Recycling batteries

 

The recycling of all collected end-of-life batteries is mandatory according to the provisions of the battery directive 2006/66/EC.

Because there are various types of batteries, all having a different chemical composition, several specific recycling processes are used depending of the chemistries. For example,  a recycling process for alkaline batteries is not suitable for recycling Li-ion batteries.

For portable batteries, the collection systems usually gather all types together without distinction. Therefore a sorting step is necessary before the recycling step itself.

Introduction

Portable batteries have different size, form, weight… They have different markings on their outer surface but not always allowing a perfect recognition of the type/chemistry.

The objective is to sort the portable batteries per chemistry as the recycling processes are usually devoted to a specific battery chemistry. 

Fortunately, the internal design of a battery is usually specific to a chemistry. This property is used (in combination with other characteristics) for sorting batteries on an industrial scale;

Here is an overview of the main sorting methods used:

  • Sorting By hand: based on the size, dimension, labels…

  • Sorting by x-ray : an Z-ray scan of the batteries reveals their internal design and can be used as a sorting method.

  • Sorting by electromagnetic properties: here also the magnetic scan of a battery reveals its internal construction and can be used for sorting batteries per chemistries.

  • By a combination of the above: usually to achieve a very high level of quality / efficiency when sorting batteries, several parameters have to be combined (weigh, size, electromagnetic scan, etc.)

 

Recycling technologies for batteries

Each recycling process is unique. Even for the same type of batteries, several different processes may be used by  recyclers. It is almost impossible to describe all the existing, industrialised processes in details. We can only described the main process families, knowing that an actual recycling process often combine several steps/technologies.

Here are the most important family of recycling processes:

  • Pyrometallurgical process
    The batteries (or part of) are smelted in a furnace at high temperature to recover some metals (that can be re-used in the industry) and a slag.

  • Hydrometallurgical process
    The batteries (or part of) are dissolved in an acid or base solution, undergoing further chemical reactions till the production of high quality recycled materials that can be re-used.

  • Mechanical process
    The batteries are crushed or open in a way to recover some fractions directly (also called 'Direct recycling process').

An industrial recycling process is usually a combination of some of the above technologies. For example, after crushing the batteries, some fractions can undergo an hydrometallurgical process before being recovered to a level allowing their re-use in the economy.
Another example: a pyrometallurgical process can produced a combination of metals that will need further refining before meeting the quality requirements for re-used in the industry. The refining step can be hydrometallurgical for example.

Multi-step battery recycling technologies

Most recycling processes involves several steps, some of them not always taking place in the same location or performed by the initial recycler. We can speak of a battery recycling chain.

How far the recycling should go?

The battery directive 2006/66/EC stipulates the recycling rate to be achieved for batteries.

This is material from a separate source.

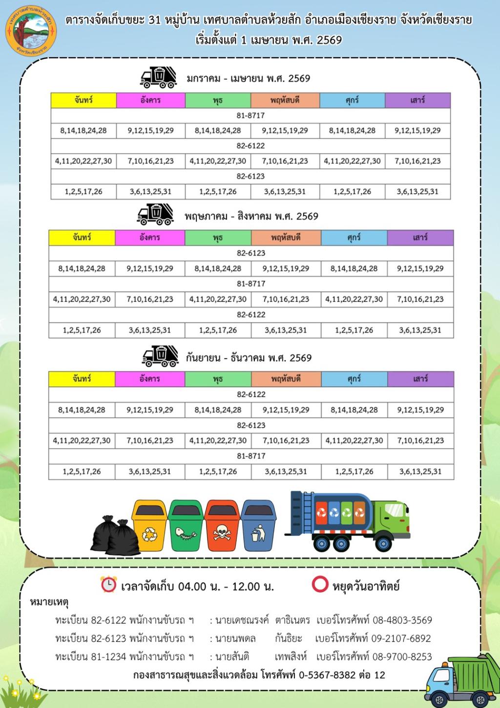 กองสาธารณสุขและสิ่งแวดล้อม เทศบาลตำบลห้วยสัก แจ้งประชาสัมพันธ์ตารางจัดเก็บขยะ 31 หมู่บ้าน โดยเริ่มจัดเก็บวันที่ 1 เมษายน 2569...

For thjs purpose, the batteries are divided into 3 families, each having their own recycling targets.

Recycling targets

The calculation methodology, as well as the reporting system of the recycling rate achieved (called Recycling Efficiencies) is indicated in a separate European Regulation EU) No 493/2012 of 11 June 2012.

Note: the Battery Directive is currently undergoing a revision and the recycling targets may be updated in the future.